The fix is simple, to replace "**/*" with "*/**/*", but it may be hard
to diagnose if/when upgrading breaks your build script...

Yeah - it's tricky to determine if this is a problem or not. It's such a strange pattern to use (it only appeared in a testcase).


A note on your previous email...

2.  foo/**/*.cs was being converted to "foo/(^\\.*)*/[^\\]*.cs"  This
is now converted to foo/\\?.*[^\\]*.cs, also much faster.

"foo/(^\\.*)*/[^\\]*.cs"

Looking at the code for DirectoryScanner, how is it possible for this to
be produced?  On windows, I get "foo(\\.*)*\\[^\\]*\.cs".  From looking
at the code, on unix/linux I would expect to get "foo(/.*)*/[^/]*\.cs".
The conversion result would then be "foo.*/[^/]*\.cs", which appears to
give exactly the same results.

Note that my message here is out of sync with current CVS until I get it working. :)


Also note that all my assertions were backed up by profiling/timing a test application with the given regexes.

It's faster to scan for single characters, rather than a repeating group. I don't know how this is implemented internally, but profiling (and my suspicions initially) figured that it would be easier to scan using straight patterns rather than a pattern than requires nested pattern scanning (ie: the repeating group with negation).

I'm curious that taking out the ^$ anchors speeds up the search, since
there's an explicit comment in the DirectoryScanner source noting that
they are added to improve the speed... and it makes sense that including
them would reduce the amount of stringspace that would need to be
examined by the regular expression... then again, I haven't tried
comparing the speed of each regular expression, so I'm happy to accept
that my understanding might be flawed :-)
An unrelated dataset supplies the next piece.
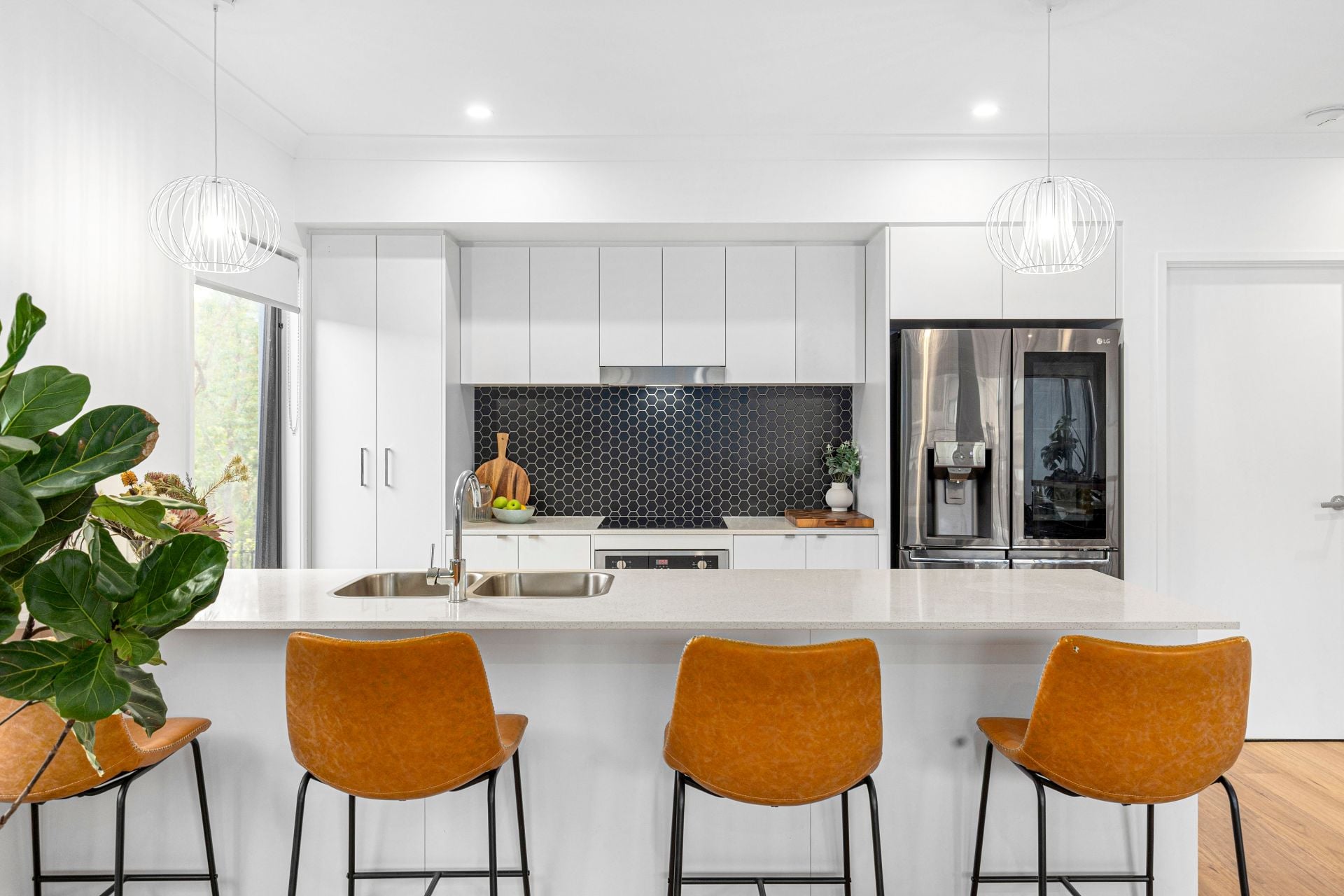 • Modern kitchen with stone benchtops, quality appliances, and breakfast bar

If you are searching for an entire string, anchoring is faster. For instance, if you are searching for "blah foo bar" in the string "blah foo bar", anchoring will be the fastest way to find it.


It turns out to be slower to search for this pattern:

"$.*blah foo bar.*^"

than for this pattern:

"blah foo bar"

I'm only removing anchors if they conflict with wildcards, since the regex engine can terminate early in the latter pattern, while it needs to scan to the end of the string in the former.

A couple of extra comments on DirectoryScanner...
Both the ToRegexPattern and ParseSearchDirectoryAndPattern methods
perform slash replacement.  ToRegexPattern is private, and only called
from ParseSearchDirectoryAndPattern, so should be able to assume that
slashes are already replaced.

Sounds good to me. I'll have to take a look to see if I can remove the extra replacement.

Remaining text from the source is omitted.